#### [TO DO]
Starting at the line that contains "虎扑12月21日讯近日,开拓", write out every line through the end of the records below exactly as it appears, and leave out all pictures.

Start of PROVIDED DATA

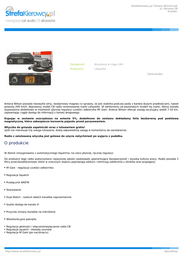Strefakierowcy.pl Tomasz Wincenciak ul. Gersona 28 Kraków Dostępność: Wysyłamy w ciągu 24H Producent: Lafayette Cena brutto: Antena Wilson posiada niezwykle silny, neodymowy magnes co sprawia, że jest stabilna podczas jazdy z bardzo dużymi prędkościami, nawet powyżej 200 km/h. Najnowszy model CB radia renomowanej marki Lafayette. W odróżnieniu od pozostałych modeli tej marki, Atena została wyposażona dodatkowo w możliwość płynnej regulacji czułości odbiornika RF Gain. Antena Wilson oferuje zasięg oscylujący wokół 7-10 km. zapewniając ciągły dostęp do informacji z kanału drogowego. Kupując w zestawie oszczędzasz na antenie 5%, dodatkowo do zestawu dokładamy folie bezbarwną pod podstawę magnetyczną, która zabezpiecza karoserię pojazdu przed porysowaniem. Wtyczka do gniazda zapalniczki wraz z lutowaniem gratis! (jeśli nie interesuje Cię usługa lutowania, dodaj odpowiednią uwagę w komentarzu do zamówienia). Radio z zalutowaną wtyczką jest gotowe do użycia natychmiast po wyjęciu z pudełka. O produkcie W Atenie zrezygnowano z automatycznego Squelcha, na rzecz płynnej, ręcznej regulacji. Do produkcji tego radia wykorzystano najwyższej jakości podzespoły gwarantujące bezawaryjność i wysoką kulturę pracy. Radio posiada 2 filtry przeciwzakłóceniowe, które w znacznym stopniu poprawiają odsłuch i eliminują zakłócenia z silników oraz propagacji. Rf Gain - regulacja czułości odbiornika Regulacja Squelch Przełącznik AM/FM Skanowanie Dual Watch - nasłuch dwóch kanałów naprzemiennie Szybki dostęp do kanału 9 Przyciski zmiany kanałów na mikrofonie Wielofunkcyjne pokrętło: Regulacja głośności i włączenie/wyłączenie radia CB Regulacja squelch - blokady szumów Regulacja Rf Gain (po naciśnięciu) http://www.strefakierowcy.pl AptusShop Strefakierowcy.pl Tomasz Wincenciak ul. Gersona 28 Kraków Wyświetlacz LCD w kolorze bursztynowym Dane techniczne Ogólne Nadajnik: Synteza PLL kontrolowana rezonatorem kwarcowym Odbiornik: Superheterodyna z podwójną przemianą Napięcie zasilania: DC 13.8 V Impedancja anteny: 50 ? Temperatura: -10 °C ~ +50 °C Krok: 10 kHz Wymiary: 142 (D) x 125 (W) x 42(D) mm Nadajnik Moc: 4W Zakres częstotliwości: 40 kanałów - 26.960 ~ 27.400 MHz Tolerancja częstotliwości: ?500 Hz Czułość modulacji: 6mV (1.25 kHz input) Głębokość modulacji: AM: 90 %, FM: 2 kHz Odbiornik Czułość: AM: 0.5 ?V (s/n 10dB) FM: 0.3 ?V (sinad 12dB) Squelch: 0.5 ?V Auto Squelch: 0.3 ?V S/n ratio: 40 dB Zniekształcenia: 5 % Charakterystyka anteny częstotliwość : 26 - 28,5 Mhz zysk: + 4 dB impedancja : 50 ohm moc max : 300W SWR: 1,1 do 1,2 średnica magnesu: 100 mm wysokość: około 980 mm długość kabla: 4,5 m masa: 1 kg W zestawie radiotelefon mikrofon uchwyt montażowy zawieszka do mikrofonu deklaracja zgodności CE (homologacja) instrukcja antena Wilson Little Wil (promiennik + podstawa magnetyczna + kabel z zalutowaną wtyczką) podkładka bezbarwna na karoserię kluczyk imbusowy do montażu http://www.strefakierowcy.pl AptusShop
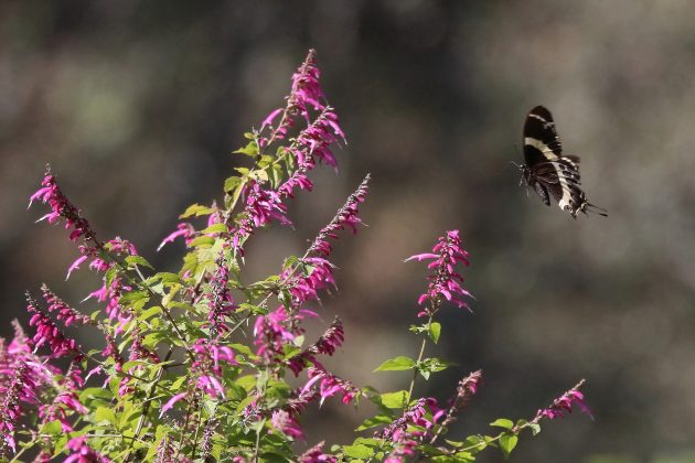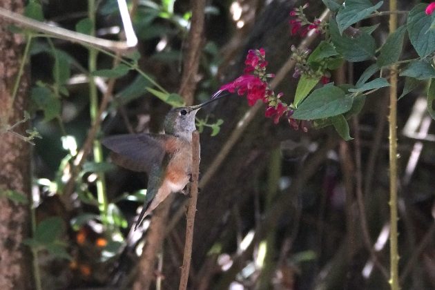 The middle section of this long walk must have some great groundwater, because its Salvia patches are still in wild bloom long after most such patches have gone to seed. It had been more than two months since our summer rains ended. But don’t tell these Salvias. And since those are the favorite nectar sources for our hummingbirds, the action was fast and furious. We counted 29 individuals from 5 species there. (The reservoir area had gifted us 7 more individuals from 3 species, all different from the 5 forest species.)
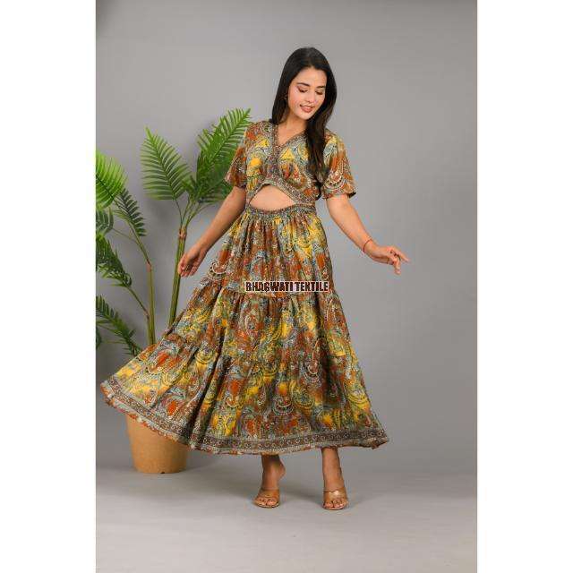 ชุดเดรสผ้าไหมฤดูร้อนสำหรับผู้หญิงชุดเดรสตะวันตกพิมพ์ลายใบไม้ชุดเดรสโบฮีเมียนทำด้วยมือคอวีของขวัญสำหรับผู้หญิง
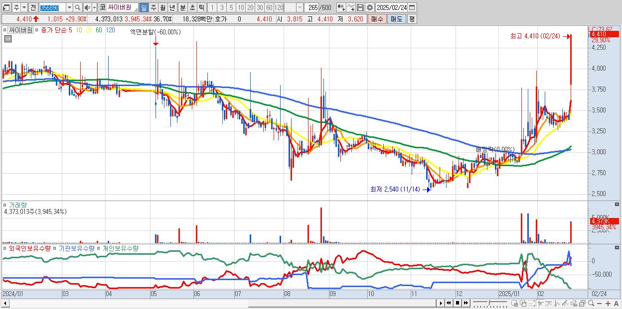 - 싸이버원 (4,410원 ▲ 29.9% , 시총: 526억, 거래량: 4,373,013, 거래대금:183억)
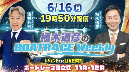 今回の「植木通彦のボートレースウィークリー」は6月16日(月)19時50分からLIVE配信!濱村芳宏さんがリモート出演!植木通彦ボートレースアンバサダーと【住之江11R・12R】をLIVE解説!
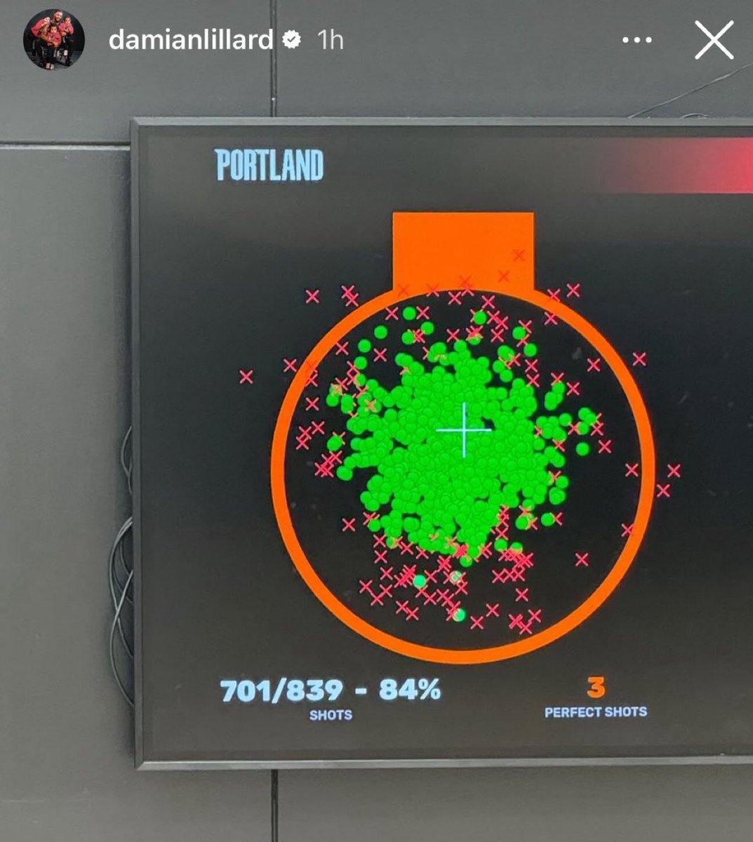 虎扑12月21日讯近日,开拓者球员达米安-利拉德更新了自己的INS快拍,晒出了自己在投篮训练中的命中率(701/839,84%)。
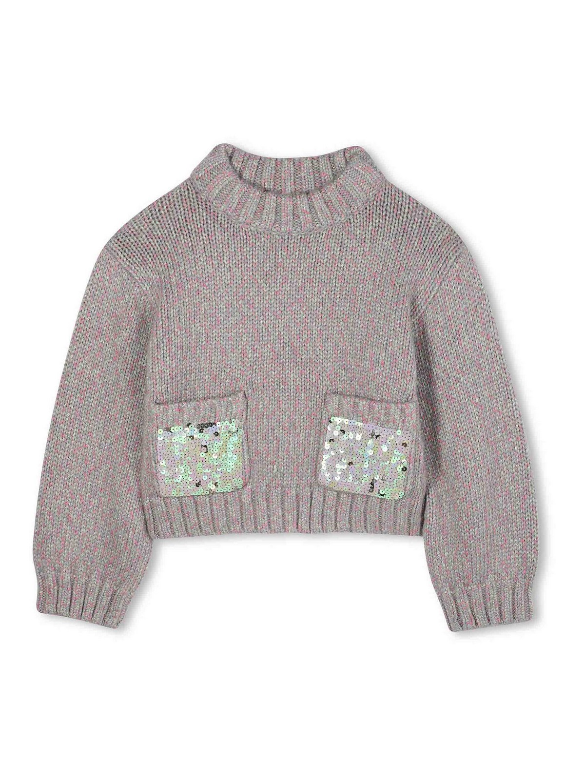ライトグレースパンコールプルオーバータートルネックバルーンスリーブスパンコールフロントポケットリブ付きヘム
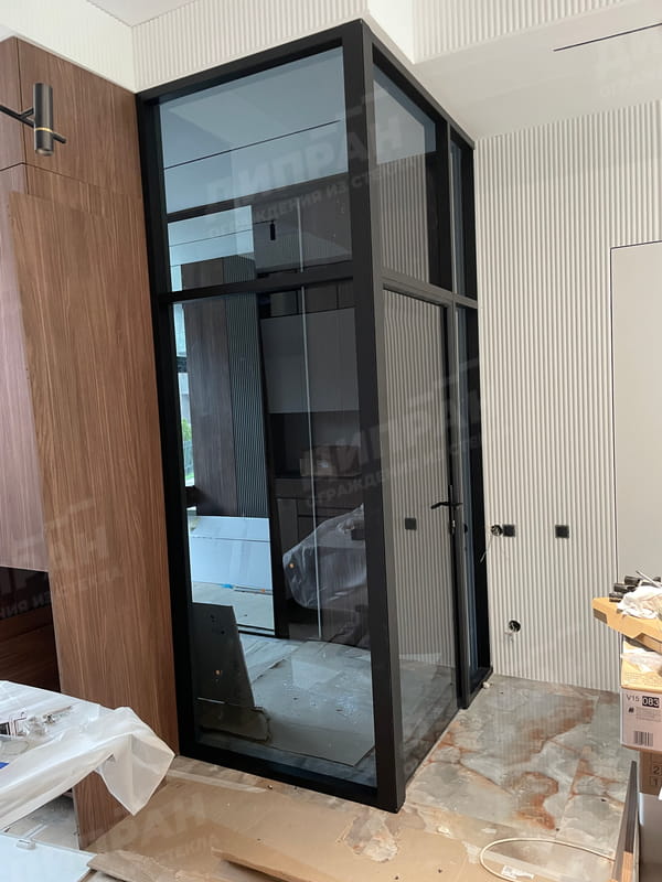 По желанию заказчика стеклянная часть перегородок может быть оклеена декоративной или противоосколочной пленкой
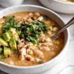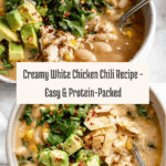Keywords: white chicken chili, easy chili recipe, healthy chicken chili, gluten free chili, one pot chili, white bean chili, creamy chili, quick dinner
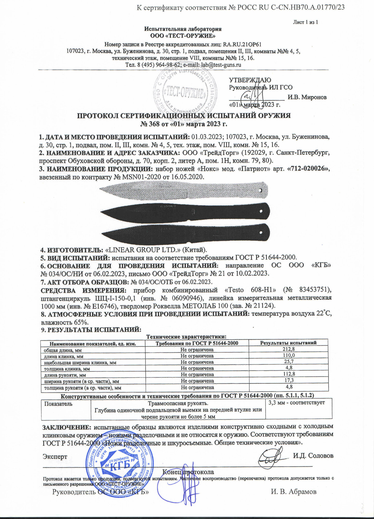 Отзывы на Ножи нокс 712-020026 (Патриот), набор спортивных ножей, сталь 50Х14МФ
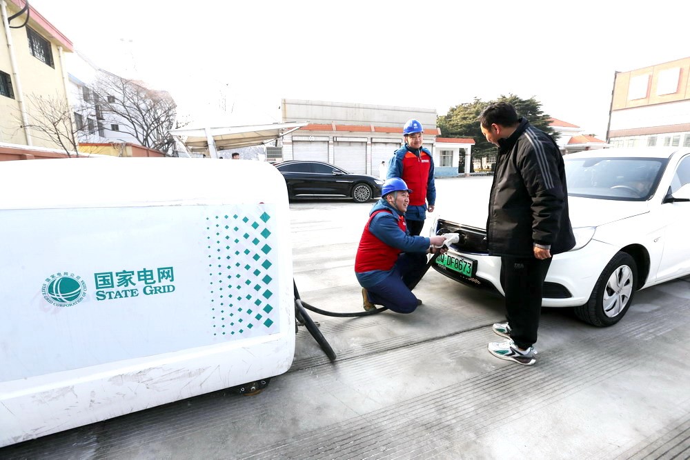 国网枣庄供电公司首次在高速服务区配备10台移动式充电桩,助力客户绿色出行。(鞠同心 摄)

End of PROVIDED DATA

#### [SOLUTION TO THIS TASK]
 虎扑12月21日讯近日,开拓者球员达米安-利拉德更新了自己的INS快拍,晒出了自己在投篮训练中的命中率(701/839,84%)。
ライトグレースパンコールプルオーバータートルネックバルーンスリーブスパンコールフロントポケットリブ付きヘム
 По желанию заказчика стеклянная часть перегородок может быть оклеена декоративной или противоосколочной пленкой
Keywords: white chicken chili, easy chili recipe, healthy chicken chili, gluten free chili, one pot chili, white bean chili, creamy chili, quick dinner
 Отзывы на Ножи нокс 712-020026 (Патриот), набор спортивных ножей, сталь 50Х14МФ
 国网枣庄供电公司首次在高速服务区配备10台移动式充电桩,助力客户绿色出行。(鞠同心 摄)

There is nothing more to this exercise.